All 5 entries tagged Hibernate
View all 12 entries tagged Hibernate on Warwick Blogs | View entries tagged Hibernate at Technorati | There are no images tagged Hibernate on this blog
February 16, 2006
As I finally got jProfiler working on a live load of BlogBuilder the other day, I've been finding bottlenecks where you'd not really expect them.
It's one thing to profile a bit of code or a few requests and see where problems might be, but profiling real load for 10 minutes or so gives a much better big picture. Without the efficiency of jProfiler 4 and Java 5, doing this on a live system would not be practical…but thankfully it worked. I didn't leave it running long because inevitably it increased the load on the system considerably, but it was bearable.
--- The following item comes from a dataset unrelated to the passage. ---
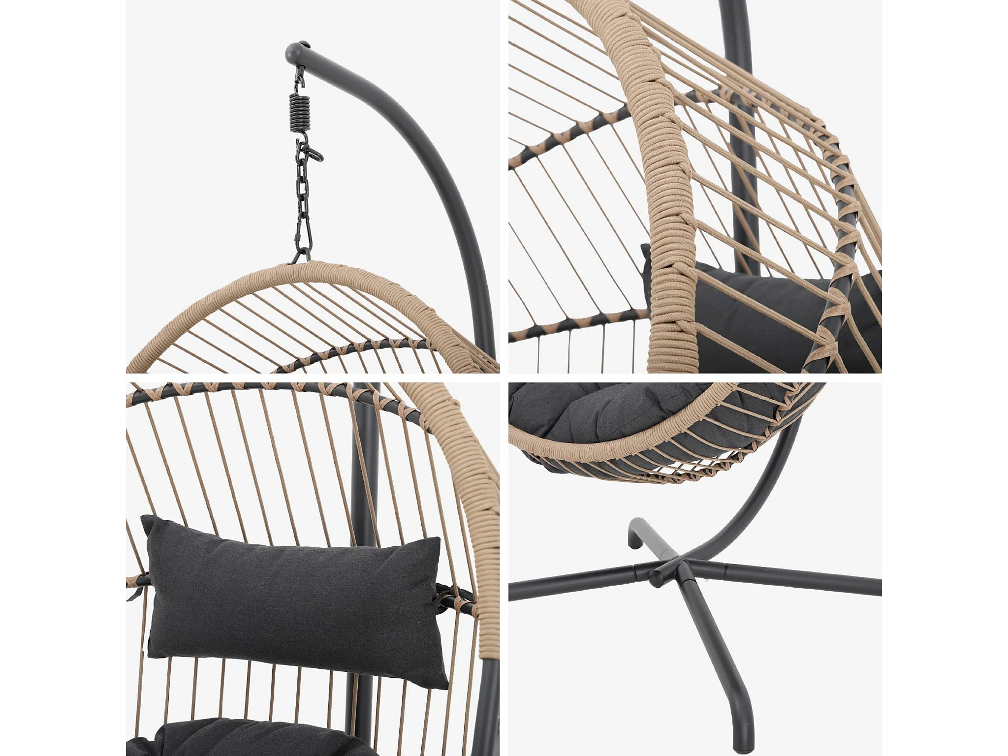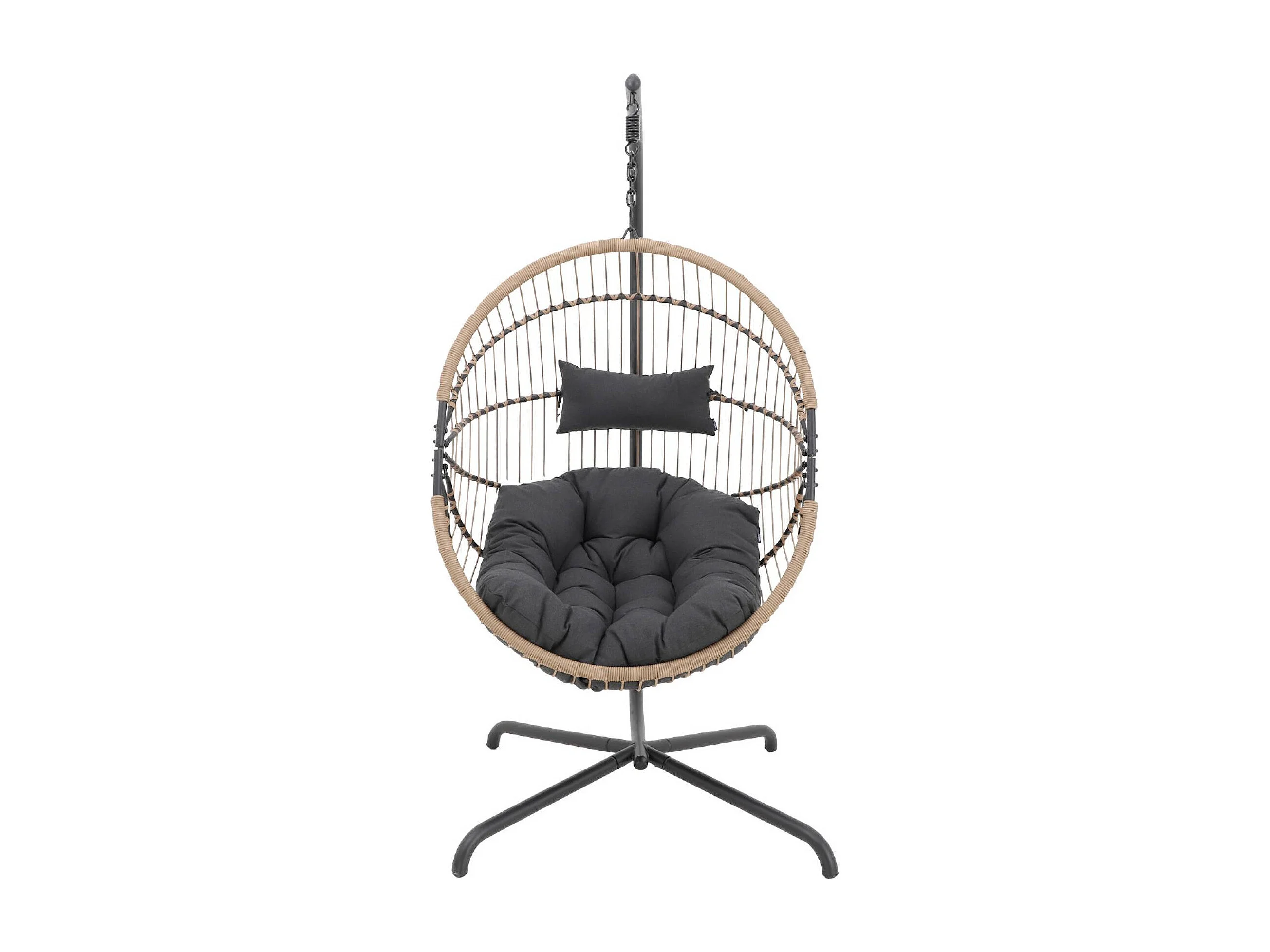 Sillón colgante de jardín tipo huevo de acero y poliéster beige

If you've got a bad bit of code, but it hardly ever gets called, you can let it slide. If you've got bad code that gets hit a lot…you've got a problem.
Most of the code that we've now optimised wasn't a problem as such before, but with the hibernate bug I mentioned in my last post, we're trying to reduce querying more aggresively than we were before.
The database person in me says that I want a nicely normalised database, but sometimes it's just not efficient. We have now rolled up comment, trackback and image counts as these were disproportionately expensive counts.
What makes doing these roll-ups a pain in a lot of places is the permissions system as we generally serve a completely personalised page to everyone. We do however have a "publcly viewable" flag for many objects which makes things a bit easier for non-logged in views.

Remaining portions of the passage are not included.